The data processing community provides various application services such as data analysis, mining, simulation and modelling, visualisation, and experimental software tools, in order to facilitate the use of the data. We consider scenarios of service oriented computing paradigm which is adopted by the ENVRI implementation model, and identify the key roles as below. These concepts are along the lines of the existing standards such as OASIS Reference Model for Service Oriented Architecture.
- Data Provider: Either an active or a passive role, which is an entity providing the data to be used.
- Service: A passive role, in which a functionality for processing data is made available for general use.
- Service Consumer: Either an active or a passive role, which is an entity using the services provided.
- Service Provider: Either an active or a passive role, which is an entity providing the services to be used.
- Service Registry: A passive role, which is an information system for registering services.
- Capacity Manager: An active role, which is a person who manages and ensures that the IT capacity meets current and future business requirements in a cost-effective manner.

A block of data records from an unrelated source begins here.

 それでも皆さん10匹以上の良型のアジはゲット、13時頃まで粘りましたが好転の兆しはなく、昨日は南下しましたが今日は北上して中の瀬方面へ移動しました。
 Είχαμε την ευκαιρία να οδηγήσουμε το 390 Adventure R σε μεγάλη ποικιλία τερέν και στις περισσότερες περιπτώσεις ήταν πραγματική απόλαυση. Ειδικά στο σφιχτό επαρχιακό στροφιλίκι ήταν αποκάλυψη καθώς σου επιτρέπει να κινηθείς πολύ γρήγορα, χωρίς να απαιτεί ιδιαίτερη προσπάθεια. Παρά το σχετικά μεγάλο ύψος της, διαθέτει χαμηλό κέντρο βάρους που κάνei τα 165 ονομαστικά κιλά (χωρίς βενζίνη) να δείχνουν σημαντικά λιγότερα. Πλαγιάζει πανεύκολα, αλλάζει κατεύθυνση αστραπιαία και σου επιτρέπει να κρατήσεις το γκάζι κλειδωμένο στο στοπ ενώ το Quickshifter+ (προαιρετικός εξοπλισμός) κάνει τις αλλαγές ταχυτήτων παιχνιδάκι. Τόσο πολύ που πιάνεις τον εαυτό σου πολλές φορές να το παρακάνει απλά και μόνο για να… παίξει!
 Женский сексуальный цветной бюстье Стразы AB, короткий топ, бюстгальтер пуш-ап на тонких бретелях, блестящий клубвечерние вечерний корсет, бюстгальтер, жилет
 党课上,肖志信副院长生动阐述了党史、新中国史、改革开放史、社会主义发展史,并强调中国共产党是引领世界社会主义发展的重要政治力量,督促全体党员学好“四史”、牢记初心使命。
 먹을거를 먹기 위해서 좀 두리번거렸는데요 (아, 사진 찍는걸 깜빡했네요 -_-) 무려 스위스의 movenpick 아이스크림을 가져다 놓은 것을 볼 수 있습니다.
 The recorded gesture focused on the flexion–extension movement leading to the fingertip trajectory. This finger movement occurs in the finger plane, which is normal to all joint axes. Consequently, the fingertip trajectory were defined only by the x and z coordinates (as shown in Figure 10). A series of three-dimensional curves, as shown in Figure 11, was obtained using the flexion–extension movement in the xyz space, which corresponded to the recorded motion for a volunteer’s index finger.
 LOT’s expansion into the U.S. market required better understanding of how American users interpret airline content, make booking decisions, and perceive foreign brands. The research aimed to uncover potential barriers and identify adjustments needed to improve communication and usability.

- Data Processing Subsystem: In the Science Viewpoint, the data processing subsystem represents a passive role of the data processing community. It is the part of the research infrastructure providing services for data processing. These services could require authorisation at different levels for different roles.
- Processing Environment Planner: An active agent that plans how to optimally manage and execute a data processing activity using RI services and the underlying e-infrastructure resources (handling sub-activities such as data staging, data analysis/mining and result retrieval).
The behaviours of the data processing community are described at Processing Behaviours.
The main role in the data use community is a user who is the ultimate consumer of data, applications and services. Depending on the purposes of use, a user can be one of the following active roles:
- Scientist (synonym: Researcher): An active role, which is a person who makes use of the data and application services to conduct scientific research.
- Engineer (synonym: Technologist): An active role, which is a person who develops and maintains the research infrastructure.
- Educator (synonym: Trainer): An active role, which is a person who makes use of the data and application services for education and training purposes.
- Policy Maker (synonym: Decision Maker): An active role, which is a person who makes decisions based on the data evidence.
- Stakeholder (synonyms: Private Investor, Private Consultant ): An active role, which is undertaken by a person who makes use of the data and application service for predicting markets so as to make business decisions on producing related commercial products.
- Citizen (synonyms: General Public, Media): An active role, which is a person or organisation interested in understanding the knowledge delivered by an environmental science research infrastructure, or discovering and exploring the knowledge base enabled by the research infrastructure.
- Citizen Scientist: An active role, member of the general public who engages in scientific work, often in collaboration with or under the direction of professional scientists and scientific institutions (also known as amateur scientist).
- Data Use Subsystem: In the Science Viewpoint, the data use subsystem represents a passive role of the data use community. It is the part of the research infrastructure supporting the access of users to an infrastructure. The data use subsystem manages, and tracks user activities and supports users to conduct their roles in different communities.
The behaviours of the data use community are described at Use Behaviours.